Лотти опустила глаза.
— Это привычка. Способ показать, что мне безразлично мнение окружающих.
— Прессе?
— Да. Обществу. — Она снова встретилась с ним взглядом. — Я никогда не была принцессой с картинки, как Мадлен. Не думаю, что у нее вообще есть хоть одна плохая фотография. Каждый раз, когда рядом камера, я замираю, мне неловко. Я не могу вести себя естественно, когда знаю, что кто-то на меня смотрит. А публика обожает все эти внезапные снимки без макияжа, или когда ты вспотевшая после тренажерного зала… или выходишь из вертолета…
— И ты прячешься, вместо того чтобы попытаться выйти наружу и получить порцию критики.
В его глазах появилось что-то, чего она раньше не видела. Доброта. Понимание. Лотти медленно выдохнула, чувствуя странное облегчение.
— Тот молодой человек, о котором я тебе говорила… Все началось с него.
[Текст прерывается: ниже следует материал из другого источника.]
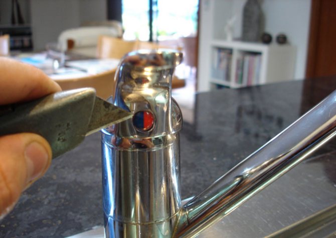 - Utilisez un couteau fin ou un tournevis fin pour retirer le bouchon du levier du mélangeur. Il est facile de le trouver: cette prise a généralement un autocollant bleu et rouge dessus. La fonction de l'autocollant est d'indiquer à l'utilisateur la position correcte du levier pour la distribution d'eau froide ou chaude. Cette procédure doit être effectuée avec soin afin de ne pas endommager le revêtement.

Лукка нахмурился, его глаза потемнели.
— Он критиковал тебя?
— Не столько это, сколько… — Она впилась ногтем указательного пальца в большой. — Он сделал наши фотографии. Нас, когда мы… понимаешь…
— И ты не знала об этом?
Лотти снова посмотрела на него:
— Нет, пока не увидела их у него в телефоне. Это было ужасно, я словно попала в кошмар, не могла поверить, что это происходит со мной. Он отправил снимки друзьям. К счастью, отец смог предотвратить массовое тиражирование фотографий, иначе можешь представить, какой бы это вызвало скандал.
Лукка нахмурился, и сразу словно постарел на десять лет.
— И с тех пор ты от всего отказалась?
Лотти поднялась и расправила юбку. Она никогда и ни с кем не говорила об этом. Почему она поделилась этим именно с Луккой Чатсфилдом? Неделей раньше снимки его спальни разошлись по всему Лондону. У него наверняка целый архив подобных фото.
— Тебе нужно отдохнуть. Я отменила наш полет. Думаю, стоит подождать и посмотреть, как ты будешь чувствовать себя утром. Ты уверен, что не хочешь вызвать врача?
— Нет, это просто вирус. Надеюсь, ты его не поймала. — Лукка с утомленным вздохом лег на спину. — Злейшему врагу не пожелал бы его.